1. The source tablet tags transactions with comments so that MySQL binlogs
contain the filtering data needed during the resharding process. The
comments describe the scope of each transaction (its keyspace ID,
table, etc.).
1. A server process uses the comments to filter the MySQL binlogs and
stream the correct data to the destination tablet.
1. A client process on the destination tablet applies the filtered logs,
which are just regular SQL statements at this point.
### Additional Tools and Processes
Vitess provides the following tools to help manage range-based shards:
* The [vtctl](/reference/vtctl.html) command-line tool supports
functions for managing keyspaces, shards, tablets, and more.
* Client APIs account for sharding operations.

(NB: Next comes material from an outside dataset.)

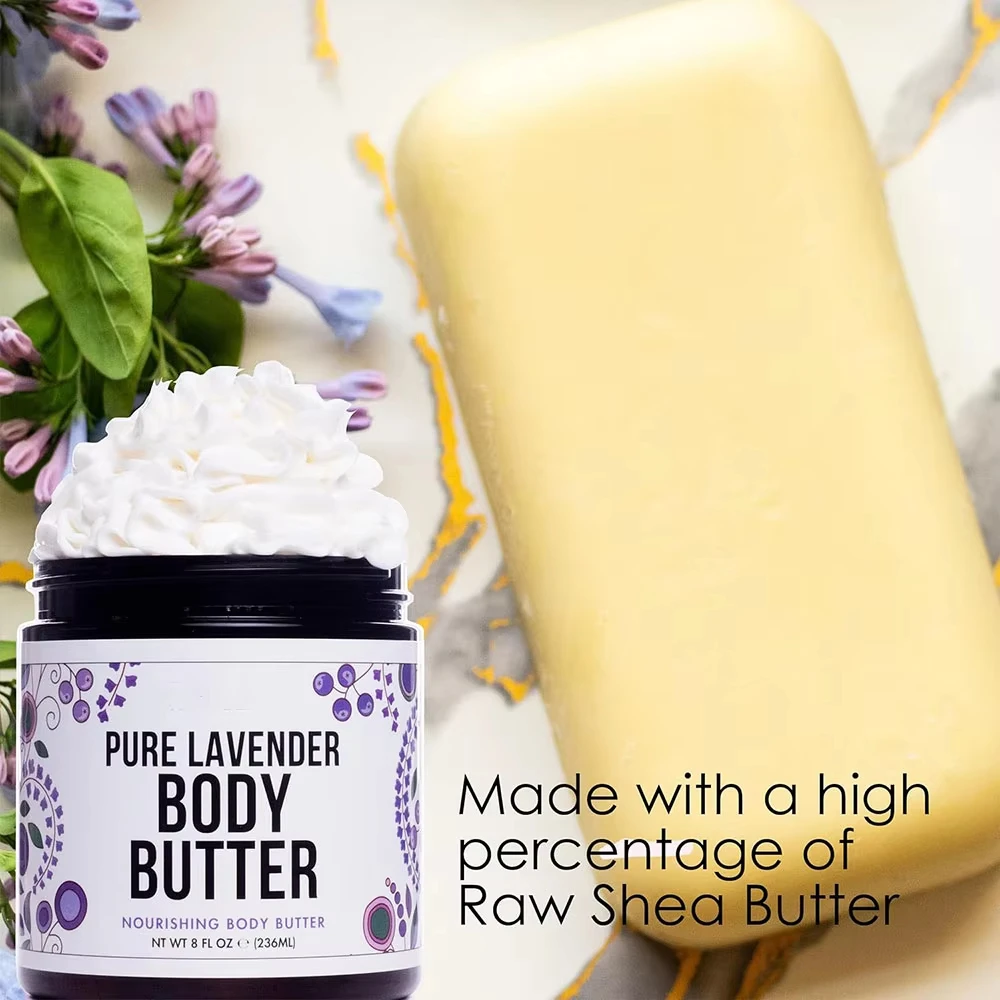 Soothing Fragrance-free Lavender Body Butter Hyaluronic Acid Shea Butter & Moisturizing Hydrating Calming Leaves Skin Soft
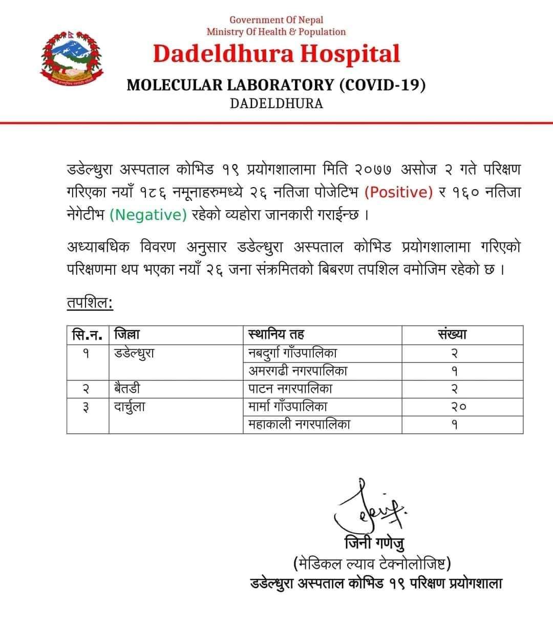 उपहार खबर संवाददाता – दार्चुलाका थप २१ जनामा कोरोना संक्रमण पुष्टि भएको छ । शनिवार डडेल्धुरा अस्पताल प्रयोगशालामा गरिएको परीक्षणमा दार्चुलाको मार्मा गाउँपालिकाका २० जना र महाकाली नगरपालिकाका १ जना गरि २१ जनामा कोरोना पुष्टि भएको हो । यसैगरी डडेल्धुराका ३ जना र बैतडीका २ जनामा समेत कोरोना पुष्टि भएको मेडिकल ल्याव टेक्नोलोजीष्ट जिनी गणेजुले जानकारी दिए ।

* The [MapReduce framework](https://github.com/youtube/vitess/blob/master/java/vtgate-client/src/main/java/com/youtube/vitess/vtgate/hadoop/README.md)
fully utilizes key ranges to read data as quickly as possible,
concurrently from all shards and all replicas.
## Custom Sharding
If your application already supports sharding or if you want to control
exactly which shard handles each query, Vitess can support your custom
sharding scheme. In that use case, each keyspace has a collection of
shards, and the client code always specifies the shard to which it is
directing a query.
One example of a custom sharding scheme is lookup-based sharding. In
lookup-based sharding, one keyspace is used as a lookup keyspace, and
it contains the mapping between a record's identifying key and the name
of the record's shard. To execute a query, the client first checks the
lookup table to locate the correct shard name and then routes the query
to that shard.
In a custom sharding scheme, shards can use any name you choose, and
they are always addressed by name. The vtgate API calls to use are
ExecuteShard
, ExecuteBatchShard
, and
StreamExecuteShard
. None of the API calls for
**KeyspaceIds**, **KeyRanges**, or **EntityIds** are compatible with
a custom sharding scheme. Vitess' tools and processes for automated
resharding also do not support custom sharding schemes.
If you use a custom sharding scheme, you can still use the
[MapReduce framework](https://github.com/youtube/vitess/blob/master/java/vtgate-client/src/main/java/com/youtube/vitess/vtgate/hadoop/README.md)
to iterate over the data on multiple shards.